Part 6: The Choice — Who’s Holding the Pen?
“Everything that you thought had meaning: every hope, dream, or moment of happiness. None of it matters as you lie bleeding out on the battlefield. None of it changes what a speeding rock does to a body, we all die. But does that mean our lives are meaningless? Does that mean that there was no point in our being born? Would you say that of our slain comrades? What about their lives? Were they meaningless?… They were not! Their memory serves as an example to us all! The courageous fallen! The anguished fallen! Their lives have meaning because we the living refuse to forget them! And as we ride to certain death, we trust our successors to do the same for us! Because my soldiers do not buckle or yield when faced with the cruelty of this world! My soldiers push forward! My soldiers scream out! My soldiers RAAAAAGE!”
-Attack on Titan
AI isn’t destiny; it’s infrastructure. Like any infrastructure, its design decides what gets built on top. Every algorithm released, every sensor switched on, every dollar routed into autonomous weapons doesn’t just enable new capability — it quietly rewrites the rules we’ll all live under.
Right now, that pen sits in the hands of defense contractors hunting their next tranche of revenue, bureaucracies chasing a mirage of machine-speed dominance, and black-box code that answers to no electorate. If we stay passive, our future gets finalized in microseconds — human judgment downgraded to a latency bug.
But the ink isn’t dry.
Lines will be drawn either way. The only live question is whether we pick up the pen, draw them ourselves, and keep redrawing when the world shifts — as it always does.
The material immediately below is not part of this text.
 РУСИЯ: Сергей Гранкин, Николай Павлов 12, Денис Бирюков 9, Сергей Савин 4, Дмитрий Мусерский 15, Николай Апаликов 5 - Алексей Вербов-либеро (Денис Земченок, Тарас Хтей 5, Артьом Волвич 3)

Perfect solutions don’t exist; decisive steps do. Fight for the audits. Demand the clauses. Fund the alternatives. Teach the next cohort to read the fine print in the source. Each move is messy, partial, limited, and still miles better than surrendering the script.
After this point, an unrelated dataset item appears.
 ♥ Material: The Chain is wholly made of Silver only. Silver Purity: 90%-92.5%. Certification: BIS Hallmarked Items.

Sometimes victory isn’t total or triumphant. Sometimes it requires that we live to fight another day, to ensure that we leave the foundations on for someone else to build on. If I can, I would like to end by quoting one of my favorite novels ever-
“Dr. Rieux resolved to compile this chronicle, so that he should not be one of those who hold their peace but should bear witness in favour of those plague-stricken people; so that some memorial of the injustice and outrage done them might endure; and to state quite simply what we learn in a time of pestilence : that there are more things to admire in men than to despise. None the less, he knew that the tale he had to tell could not be one of a final victory. It could be only the record of what had had to be done, and what assuredly would have to be done again in the never-ending fight against terror and its relentless onslaughts, despite their personal afflictions, by all who, while unable to be saints but refusing to bow down to pestilences, strive their utmost to be healers. And, indeed, as he listened to the cries of joy rising from the town, Rieux remembered that such joy is always imperilled. He knew what those jubilant crowds did not know but could have learned from books : that the plague bacillus never dies or disappears for good; that it can lie dormant for years and years in furniture and linen-chests; that it bides its time in bedrooms, cellars, trunks, and bookshelves; and that perhaps the day would come when, for the bane and the enlightening of men, it roused up its rats again and sent them forth to die in a happy city.”
-The Plague, Albert Camus.
Thank you for being here, and I hope you have a wonderful day.